The seats are brimming in Laval’s 10 000-seat Place Bell. Children with signs and jerseys line the glass, hoping for a chance to meet their heroes — members of the Montreal Victoire and the Boston Fleet, two of the ‘Original Six’ teams in the newly-created Professional Women’s Hockey League (PWHL).
A buzzer goes off, signalling players to vacate the ice and make way for zambonis to complete their last sweeps. Meanwhile, the woman beside me crams a pair of silicone plugs in her ears. She catches my eye as I watch her incredulously and she smiles in my direction.
“Trust me,” she says. “In a minute, you’re going to wish you had these.”
As the zambonis come off and the lights dim, an eerie silence falls over the arena. And then, to the sounds of the announcer calling her name, Quebec-born goaltender Ann-Renée Desbiens steps onto the ice. The crowd goes ballistic. Chanting, screaming, dancing — one of the loudest displays of support I’ve ever witnessed in 23 years of belonging to the hockey fandom.
That is, until five seconds later, when Marie-Philip Poulin — three-time Olympic gold medalist, four-time World Champion, captain of the Canadian Women’s national hockey team since 2015, and arguably the second best woman to ever play the game — skates through the mist.
Created in 2023 and currently on its second season, the PWHL is the new gold standard for professional ice hockey. In the short time it’s been around, the popularity of the women’s game has skyrocketed. Before the PWHL, the record attendance for a women’s ice hockey game was 7 765. That number is now 21 105, with new ceilings being reached almost every month.
And this isn’t a case of support for support’s sake. There’s no shiny new toy syndrome or novelty act here. The PWHL is high-level, high-intensity, incredible-to-watch hockey. And it has an edge. For the first time ever at this level of women’s hockey, the PWHL has authorized hitting. Physicality has added a new dimension to the game, opening space for skilled players, while allowing defenders to assert themselves.
It’s significantly helped to silence the outdated notion that women’s hockey is somehow a lesser, watered-down version of the men’s game. This was not a change made purely for entertainment value either, as PWHL Senior Vice President Jayna Hefford explains.
“The players want this,” Hefford said in an interview with The Athletic. “The players are strong, they’re fast, they can play this way.”
It’s not just hitting rules that the PWHL has modified. The league has become the newest stomping ground for innovation, willing to rethink the way that hockey has traditionally been played.

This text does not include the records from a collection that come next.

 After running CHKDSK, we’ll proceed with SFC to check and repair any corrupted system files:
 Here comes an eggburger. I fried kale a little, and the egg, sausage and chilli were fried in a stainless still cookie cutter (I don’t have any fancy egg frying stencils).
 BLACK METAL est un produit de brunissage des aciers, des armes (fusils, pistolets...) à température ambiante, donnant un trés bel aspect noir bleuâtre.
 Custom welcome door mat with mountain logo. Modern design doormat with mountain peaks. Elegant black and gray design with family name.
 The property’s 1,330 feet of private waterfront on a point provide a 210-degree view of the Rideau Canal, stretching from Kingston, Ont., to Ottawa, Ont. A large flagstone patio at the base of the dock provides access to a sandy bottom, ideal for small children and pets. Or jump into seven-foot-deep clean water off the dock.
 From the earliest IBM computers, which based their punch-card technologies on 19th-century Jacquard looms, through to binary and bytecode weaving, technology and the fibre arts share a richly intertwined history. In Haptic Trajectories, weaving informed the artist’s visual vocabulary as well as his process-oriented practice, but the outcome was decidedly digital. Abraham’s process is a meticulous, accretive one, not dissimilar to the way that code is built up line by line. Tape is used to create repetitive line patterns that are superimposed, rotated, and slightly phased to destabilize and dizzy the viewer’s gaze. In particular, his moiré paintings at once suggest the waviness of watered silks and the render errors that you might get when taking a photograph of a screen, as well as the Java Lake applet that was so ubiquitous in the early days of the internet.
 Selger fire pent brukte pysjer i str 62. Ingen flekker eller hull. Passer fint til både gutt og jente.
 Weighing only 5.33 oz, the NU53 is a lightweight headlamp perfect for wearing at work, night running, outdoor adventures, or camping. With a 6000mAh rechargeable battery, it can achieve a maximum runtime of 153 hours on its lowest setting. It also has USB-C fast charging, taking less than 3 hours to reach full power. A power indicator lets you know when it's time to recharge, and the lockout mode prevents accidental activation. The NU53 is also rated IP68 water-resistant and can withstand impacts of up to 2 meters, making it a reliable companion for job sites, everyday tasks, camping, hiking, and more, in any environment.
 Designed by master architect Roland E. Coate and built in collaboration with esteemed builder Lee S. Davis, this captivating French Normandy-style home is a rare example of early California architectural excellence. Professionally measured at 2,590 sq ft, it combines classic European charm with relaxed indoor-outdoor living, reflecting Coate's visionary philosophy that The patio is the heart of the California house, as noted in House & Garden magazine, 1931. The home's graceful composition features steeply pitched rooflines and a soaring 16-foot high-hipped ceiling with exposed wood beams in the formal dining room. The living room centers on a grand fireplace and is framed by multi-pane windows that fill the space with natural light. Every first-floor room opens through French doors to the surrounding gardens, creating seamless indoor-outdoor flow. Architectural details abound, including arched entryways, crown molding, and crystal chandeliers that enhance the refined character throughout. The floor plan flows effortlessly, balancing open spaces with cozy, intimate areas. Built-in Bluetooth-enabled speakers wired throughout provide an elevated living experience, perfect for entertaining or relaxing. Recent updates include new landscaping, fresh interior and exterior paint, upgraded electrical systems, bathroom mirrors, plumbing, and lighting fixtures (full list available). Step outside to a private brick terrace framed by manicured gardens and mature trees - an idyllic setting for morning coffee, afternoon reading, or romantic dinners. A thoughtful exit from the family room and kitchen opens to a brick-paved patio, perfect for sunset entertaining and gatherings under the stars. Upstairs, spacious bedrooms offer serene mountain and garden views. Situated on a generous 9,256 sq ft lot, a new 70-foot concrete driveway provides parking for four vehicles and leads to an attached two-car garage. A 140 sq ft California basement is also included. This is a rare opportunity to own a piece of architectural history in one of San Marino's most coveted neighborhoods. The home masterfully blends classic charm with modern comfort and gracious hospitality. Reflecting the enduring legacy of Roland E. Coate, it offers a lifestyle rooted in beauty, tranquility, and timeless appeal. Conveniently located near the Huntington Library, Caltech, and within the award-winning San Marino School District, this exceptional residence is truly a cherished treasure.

One example of this is the implementation of new special teams rules. Last year, the PWHL created the “jailbreak” rule, which enabled teams to free their penalized player if they scored shorthanded. This year, the brand new “no escape rule” prohibits teams from making line changes after they commit a penalty, forcing their tired players to stay on the ice for the penalty kill. These changes prioritize offense, create excitement, and ultimately put forward a more engaging product.
And it’s working. In the second period of the Victoire-Fleet game, with the Victoire on the penalty kill, Ontario-born centre Kristin O’Neill burst through the defense to receive an off-the-glass pass from winger Claire Dalton. It was a play that would have never been executed in the men’s game, where the emphasis on the penalty kill is to dump the puck hard, and avoid risk.
O’Neill broke away and fired a quick wrist shot on net, which snuck through the five-hole of Fleet goaltender Emma Söderberg to put the Victoire up 2-1. The arena was literally shaking. Catherine Dubois, who had been serving the penalty, leapt out of the box — a full minute before she was supposed to — and mobbed her teammates. It was one of the coolest displays of sport I’ve ever witnessed.
Just over a year into its existence, the PWHL is already eyeing expansion. The original six teams — Toronto, Montreal, Ottawa, Boston, Minnesota, and New York — have built immediate, passionate fan bases. But the demand for more teams is undeniable. Cities across North America are eager to bring in franchises, and the league has already accepted bids from 20 potential new markets, with the goal of bringing in two new franchises next season.
On Jan. 8, Vancouver’s Rogers Centre welcomed the Montreal Victoire and Toronto Scepters for a game as part of the PWHL’s ongoing “Takeover Tour.” The game sold out in two days, and boasted an eventual attendance of 19 038. By comparison, the Canucks’ highest attendance this season was 18 940.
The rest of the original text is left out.